Records excerpted from a collection:
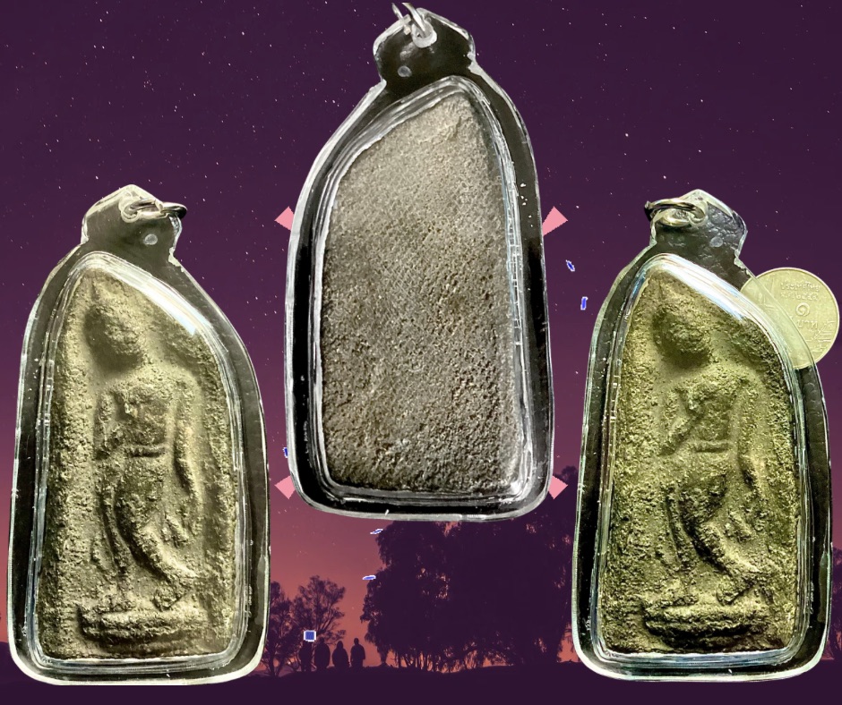 พระลีลาฝักดาบเนื้อชินเงินกรุวัดมหาธาตุ เพชรบูรณ์ วัดมหาธาตุ เป็นวัดหลวงสร้างในสมัยอยุธยาตอนต้น กรมศิลปกรได้เปิดกรุปี 2511 มีหลายพิมพ์เป็นเนื้อชินเงินทั้งหมด พุทธคุณด้านแคล้วคลาด คงกระพันชาตรี พระลีลาฝักดาบองค์นี้เป็นพิมพ์ใหญ่ ขนาด 3.5 x 7.0 ซม. พระสภาพสมบูรณ์ ฝ้ากรุ นวลกรุ สนิมตีนกา มีเต็มองค์ หน้า-หลัง ความสวย 80 % 3,500.- บาทครับ.
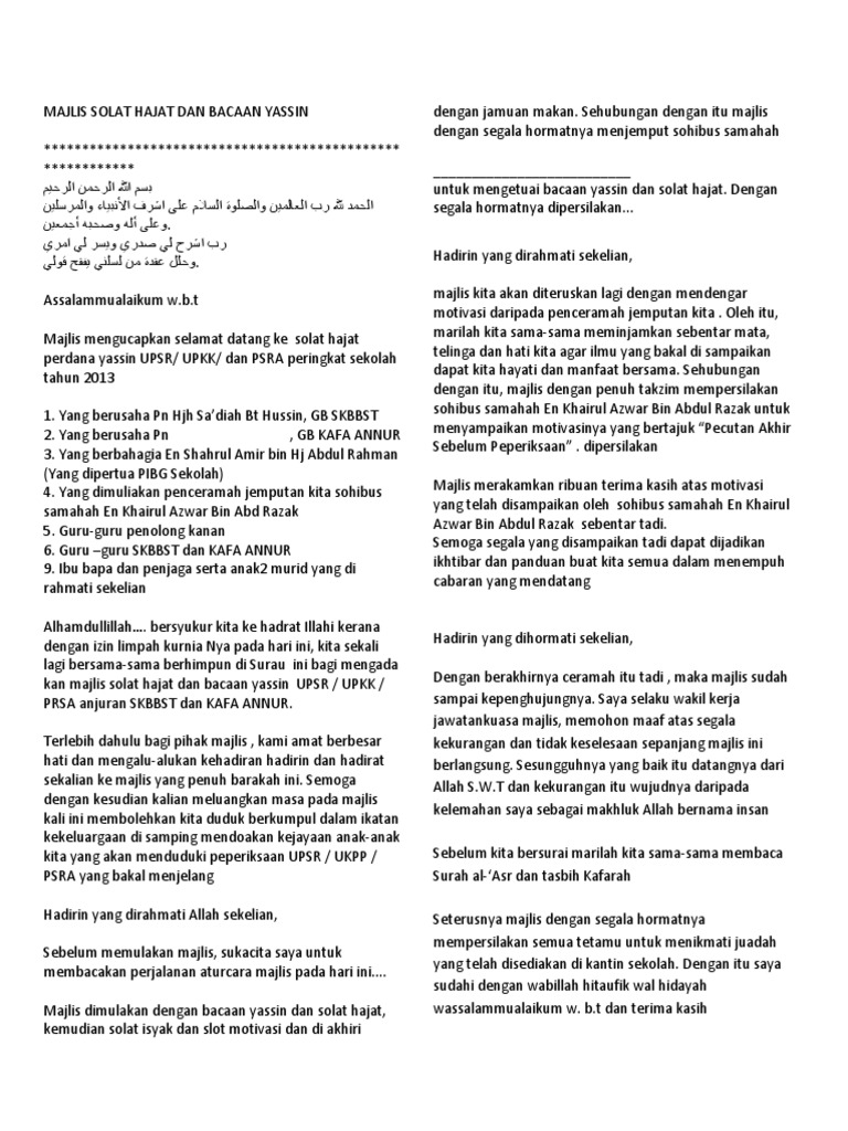 Skrip Pengacara Majlis Motivasi Tahun 6 from imgv2-1-f.scribdassets.com Teks pengacara majlis perpisahan en. Tempatan sempena anugerah inovasi sektor awam peringkat negeri pulau pinang tahun 2015. Teks pengacara majlis program motivasi kecemerlangan tahun 6 2014 bersama universiti malaysia sarawak Majlis apresiasi upsr 2017 sekolah rendah islam al ehya asshariff pada : Teks pengacara majlis penutupan kem motivasi sk skarok. Teks ucapan majlis penghargaan teks ucapan pengerusi majlis mesyuarat pibg teks ucapan usul politik teks tentang kasih sayang terhadap ekosistem teks ucapan perasmian untuk dua orang teks ucapan mohamad sabu mesyuarat agung penubuhan teks tazkirah usrah ringkas teks ucapan perasmian pusat internet. Datuk rosnah bte abdul rashid shirlin timbalan menteri kerja raya ybhg. Teks pengacara majlis aku janji murid tahun 6 :
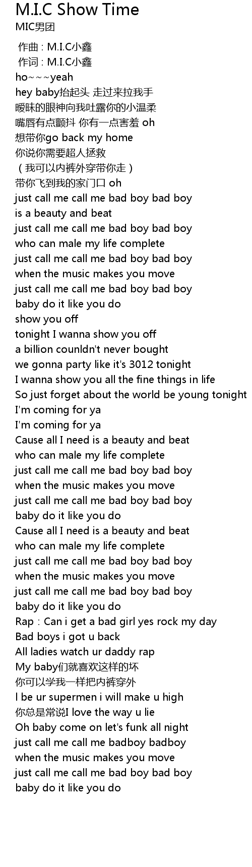 | [00:01.00] | 作词 : M.I.C小鑫 |
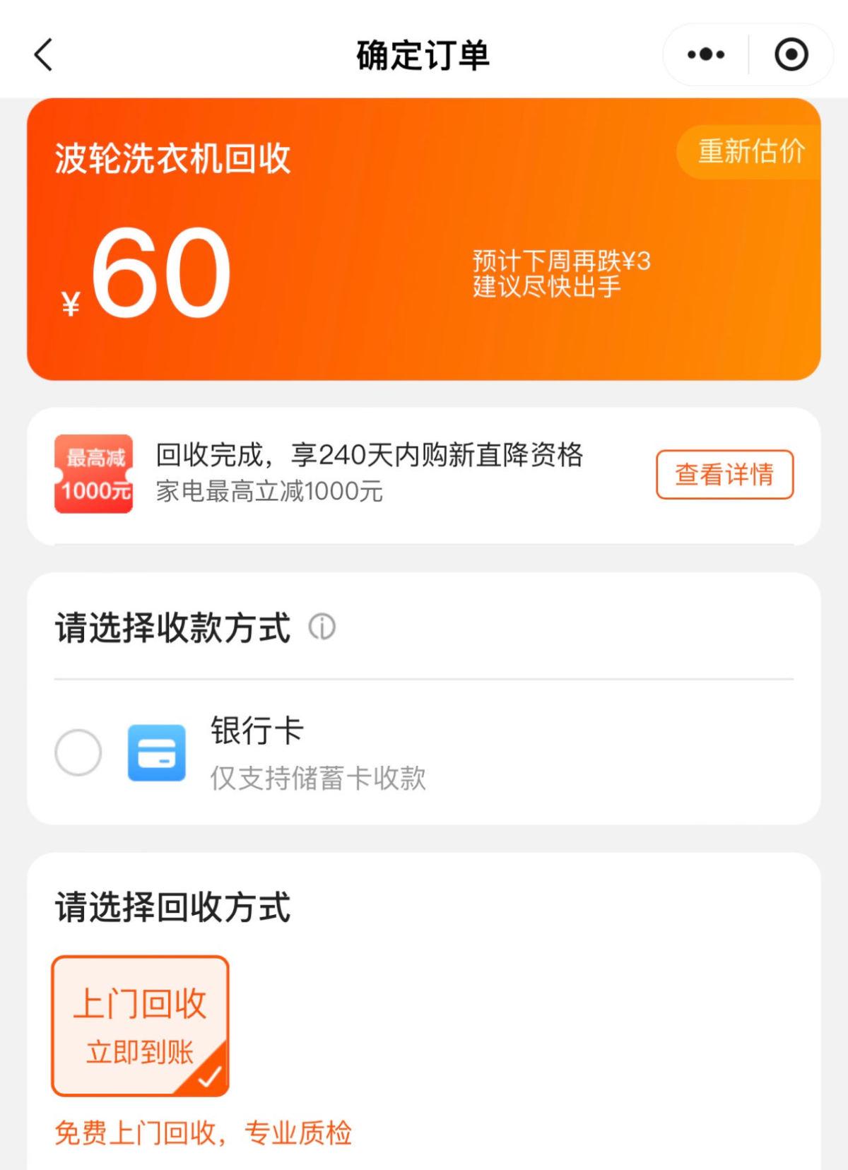 市民需要回收家中的旧家电,在手机上应该如何操作?在苏宁易购中原万达店工作人员的指引下,记者尝试使用苏宁易购小程序,填写了一台8年机龄的波轮洗衣机,回收价格为60元,且页面显示可以立即打款到银行卡,之后再上门回收。
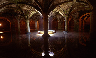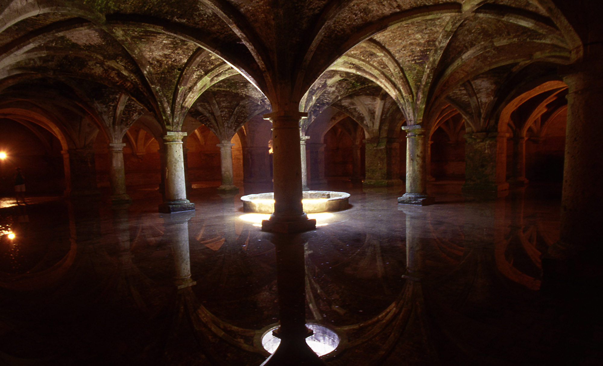 Mazagan's famous cistern, the Cysterna Fortecy. A shallow layer of water (from which I would not drink) makes for pleasing reflections indeed. This cistern is a 111-foot-wide square, held together with five rows of stone pillars. |

THE TASK:
Using the entries above, transcribe exactly from the line that has "作词 : M.I.C小鑫 |" through the line that has "市民需要回收家中的旧家电,在". Pictures are dropped.

ANSWER SECTION:
 | [00:01.00] | 作词 : M.I.C小鑫 |
 市民需要回收家中的旧家电,在手机上应该如何操作?在苏宁易购中原万达店工作人员的指引下,记者尝试使用苏宁易购小程序,填写了一台8年机龄的波轮洗衣机,回收价格为60元,且页面显示可以立即打款到银行卡,之后再上门回收。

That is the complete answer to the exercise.